He shoved a few piles aside and shuffled through a stack until he found the list he wanted. "What are your strengths, woman?"
"Training dragons, healing, cooking," Sara replied briefly.
"Good. We need dragon trainers." He snorted. "By the rift we need everything! I do not know how she expects me to fill every talon and wing she wants when we have so few." He had a deep voice and formed his words with deliberate care. Even so, his speech came out slightly slurred due to the damage to his mouth. His meaning was clear enough to Sara, though, to distract her from her dismay and pity.
According to all those tents and barracks out there, she pondered, the general's army had reached an impressive strength. Why does he complain?
The lord knight consulted his lists once more and said, "Report to Knight Officer Guiyar Massard, Red Quarter. He needs a second-in-command." He pushed his maimed hand out of sight and went back to work with out waiting for a reply.

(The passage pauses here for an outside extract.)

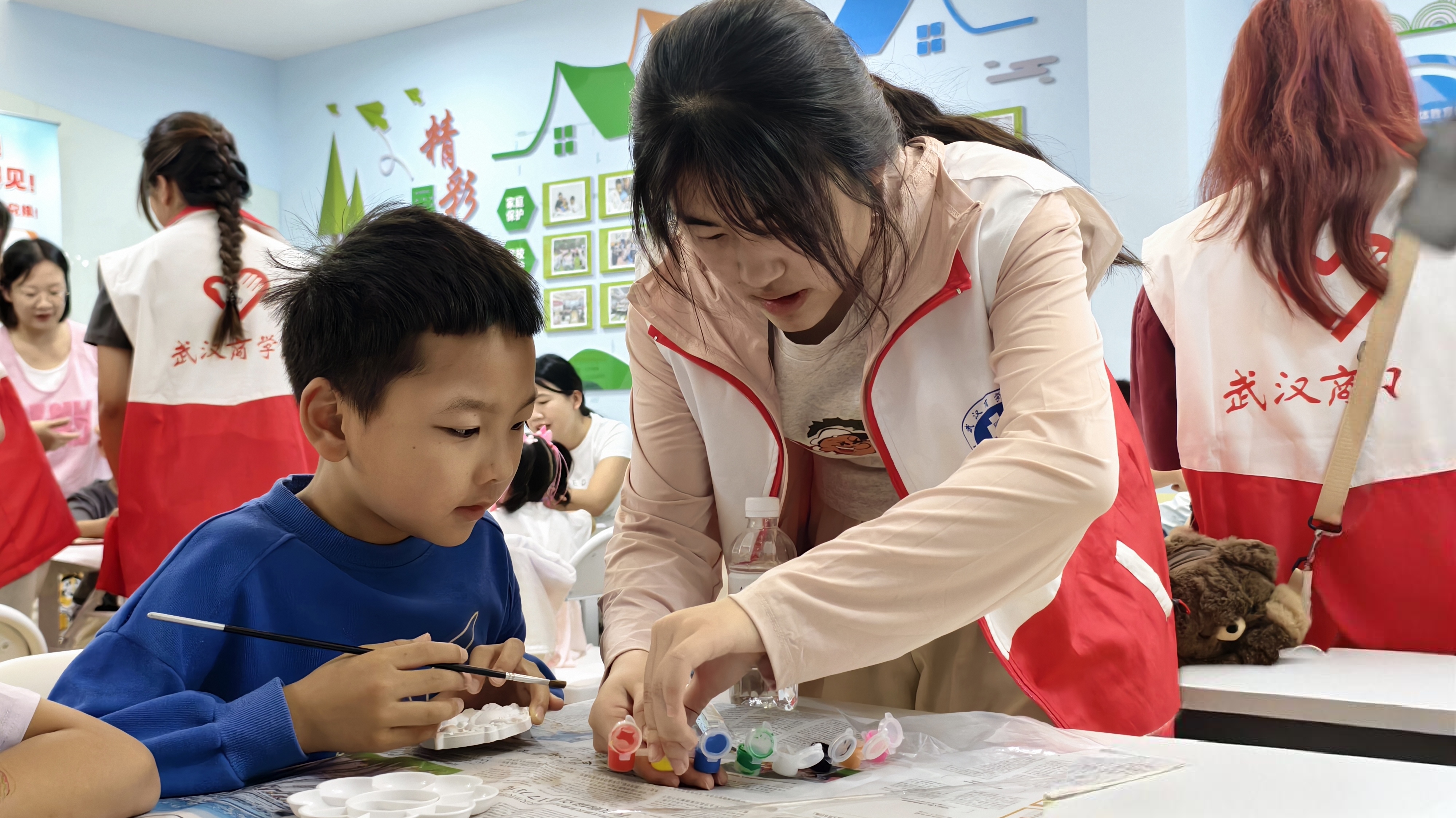 (志愿者给小朋友们分配颜料)
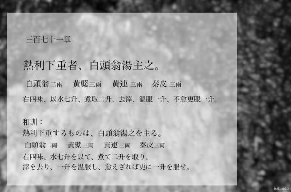 白頭翁二両 黄蘗三両 黄連三両 秦皮三両

Sara and the guards saluted and retreated outside.
"What is it?" she asked as soon as they were out of earshot.
"Morgion's Curse," one guard replied, looking peaked. "I can never get used to seeing it. He was struck with it during the Summer of Chaos when the gods left us. Without the healing magic, no cleric has been able to help him, and no herb can even slow it. He is hoping for war soon to avoid a long and lingering death."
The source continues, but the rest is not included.